CHP'nin "TRT'nin özerk ve tarafsız yayın yapması ve kamuoyunun sağlıklı ve serbestçe bilgilenmesi önündeki engellerin tespit edilerek çözüm yollarının belirlenmesi" amacıyla verdiği araştırma önergesi de AKP ve MHP milletvekillerinin oylarıyla reddedildi.
"TRT'NİN TEPESİNE VURMA VAKTİ GELMİŞTİR"
Önergenin gerekçesini açıklamak üzere söz alan CHP Ankara Milletvekili Umut Akdoğan, tüplü televizyonla kürsüye çıkarak şöyle konuştu:
- "Eskiden televizyon çalışmadığında iki şey yapardık; bir, bu fişi çeker, geri takardık; iki, televizyonun üstüne vururduk. Şimdi TRT'nin tepesine vurma vakti gelmiştir.

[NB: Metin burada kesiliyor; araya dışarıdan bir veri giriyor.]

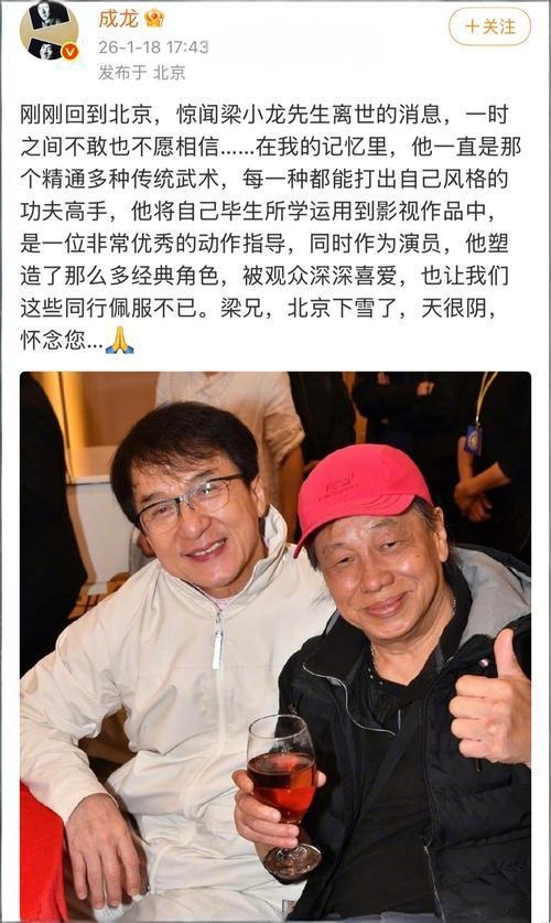 梁小龙去世的消息传出后,演艺圈集体悼念。成龙从北京发长文:“梁兄,北京下雪了,天很阴,怀念您。”他回忆两人合作《飞渡卷云山》时,梁小龙一招一式皆真功夫。

TRT'nin her ildeki merkezine gidip bunu yapmaya gayret ediyoruz. 20 gün önce X hesabından bir paylaşım yaptım, 'TRT'ye çıkacağım' dedim. TRT'yle o kadar yüksek bir etkileşim oldu ki şaştık, kaldık.
- Bir milletvekilinin TRT'ye çıkması, CHP milletvekilinin TRT'ye çıkması herkesin çok garibine gitti. Sonra Genel Müdür Yardımcısı'nı İletişim Başkanlığı'ndan arıyorlar, İletişim Başkanlığı'ndaki kişi diyor ki: 'Bu ne biçim iş?' Niye, bir CHP milletvekili çıkamaz mı? Genel Müdür Yardımcısı da İletişim Başkanlığı'na diyor ki: 'Aman efendim, olur mu öyle şey, nasıl olacak?' Düşünün, geldiğimiz durum bu.
"BUGÜN PAHALI TELEVİZYONLARDAN MAALESEF TRT'NİN YALANLARINI İŞİTİYORUZ"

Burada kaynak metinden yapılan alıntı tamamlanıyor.